Converter mulheres em investidoras: meu novo projeto de vida

Quando o inglês Benjamin Graham escreveu “O Investidor Inteligente”, em 1949, na certa não pensou em nós, mulheres. Ou teria chamado o livro célebre do mundo das ações de “A Investidora Modesta”.

Desde o Tostines – que não se sabe se vende mais porque é fresquinho ou se é fresquinho porque vende mais – um quebra-cabeça não me tirava tanto o sono:

A mulher não investe porque é insegura; mas, porque é insegura, investe melhor.

Dei até um nome bonito para ele: “O Paradoxo da Investidora Modesta”. Vou dividi-lo em dois para que você me ajude a pensar sobre o assunto.

A mulher não investe porque é insegura…

A PhD Binay Kumar mostrou que as mulheres evitam ativos de risco porque se consideram menos conhecedoras sobre mercados financeiros.

Isso ajuda a entender por que somos apenas 23 por cento dos investidores da Bolsa. Também somos bem menos presentes do que eles no Tesouro Direto, 26 por cento.

Dois pesquisadores, Barber e Odean, acompanharam 37 mil famílias que abriram conta em uma corretora de varejo nos EUA. Ao se tornarem clientes, elas tinham que responder a uma pergunta: “Você entende de investimentos?”. 63 por cento dos homens diziam que sim. O percentual entre as mulheres foi bem menor, 48 por cento.

…mas, porque é insegura, investe melhor

O engraçado é que o estudo de Barber e Odean mostrou que as mesmas mulheres que se achavam menos conhecedoras de investimentos tiveram desempenho melhor ao longo dos seis anos analisados.

Homens e mulheres prejudicavam os retornos ao girar demais a carteira – ou seja, ficar comprando e vendendo ativos sem parar –, mas um dos dois grupos adotou 45 por cento mais vezes essa conduta (completamente nociva ao crescimento de patrimônio). Qual grupo? O dos homens.

A cada 1.000 reais de ganho potencial, eles perdiam 14,40 reais a mais do que as mulheres por comprar e vender sem parar.

Por serem menos acometidas por excesso de confiança, concluíram os pesquisadores, as mulheres desempenharam melhor do que os homens.

O que nos diferencia? A modéstia

Qual é a conclusão? Homens não nascem sabendo investir. Mais seguros quando o assunto é dinheiro, eles se lançam neste mundo e acabam aprendendo (alguns não aprenderam ainda, mas acham que sabem, não se iluda).

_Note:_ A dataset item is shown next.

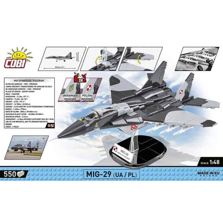 MiG-29 (NAVO-code: Fulcrum) is een moderne Sovjet- (nu Russische) jager, geproduceerd sinds 1983. Sinds 1989 zijn vliegtuigen van dit type in dienst bij de luchtmacht van de Republiek Polen. In 2023 droeg Polen een deel van zijn MIG-29-vloot over aan het vechtende Oekraïne. Het 2-in-1 blokmodel bevat twee sets markeringen voor respectievelijk Polen en Oekraïne, waardoor de bouwer vrij is om het land te kiezen.
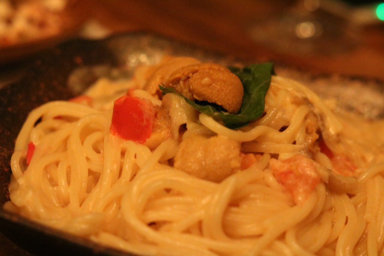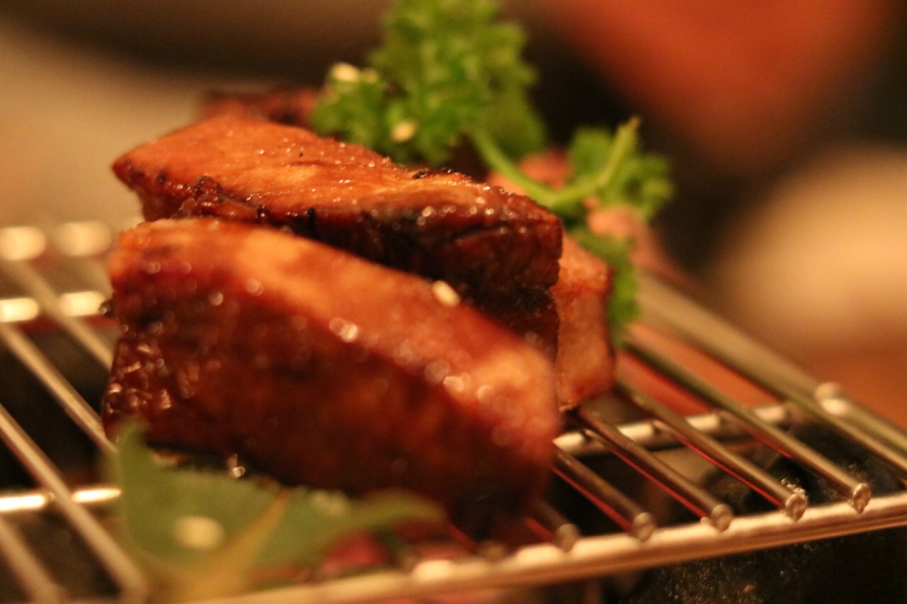 以前去吃好好先生的时候,经过这家店,特意看了一眼,毕竟这个名字花火鲤蛮特别的,而且门口有一个高脚桌,感觉似酒吧,但又写了日本料理的招牌。 于是闺蜜小聚,就选择了这家,去一探究竟。 进店发现餐厅确实是有酒吧的感觉,调酒师在调酒,有好几桌客人喝酒聊天。 餐厅两层,上面一层有个半开放小包,玻璃落地窗可以看看外面的风景,情调十足。 点了一杯酒精浓度低的鸡尾酒,有点点百利的口感,但没有这么甜,入口有咖啡的苦涩,回味很香。 日料单点,有不少特色耶。比如这家海胆,点了海胆紫苏天妇罗,海胆焗薯蓉,海胆口感嫩,加上薯蓉,吃上去绵密,不错噢。 厚切牛舌,淋上酱汁,咬起来嫩而多汁,真的很厚一块。 牛肉饭也挺不错,不过一份还挺大,大家一起抢着吃好杂劲啊,哈哈哈。

Nós, mulheres, também não nascemos sabendo. Mas, ao ter consciência de que não sabemos investir, fugimos do assunto que nem diabo da cruz, como diria minha avó. É nosso cérebro que repete em sussurro: “Investir não é para você, mocinha”.

Oito em dez mulheres fogem de discutir finanças, segundo a gestora americana Fidelity.

O que nos torna boas investidoras? Conhecimento

Binay Kumar concluiu que a aversão a investimentos e risco não é uma questão de ser mulher. É um resultado de “saber que não sabe”, ou seja, está ligada à consciência da falta de conhecimento sobre o assunto. E essa consciência, sim, é mais comum entre nós.

Dr. Julio, meu analista, defende que a tomada de consciência é capaz de mudar comportamento. É bom que ele esteja certo, porque meu novo projeto de vida depende disso.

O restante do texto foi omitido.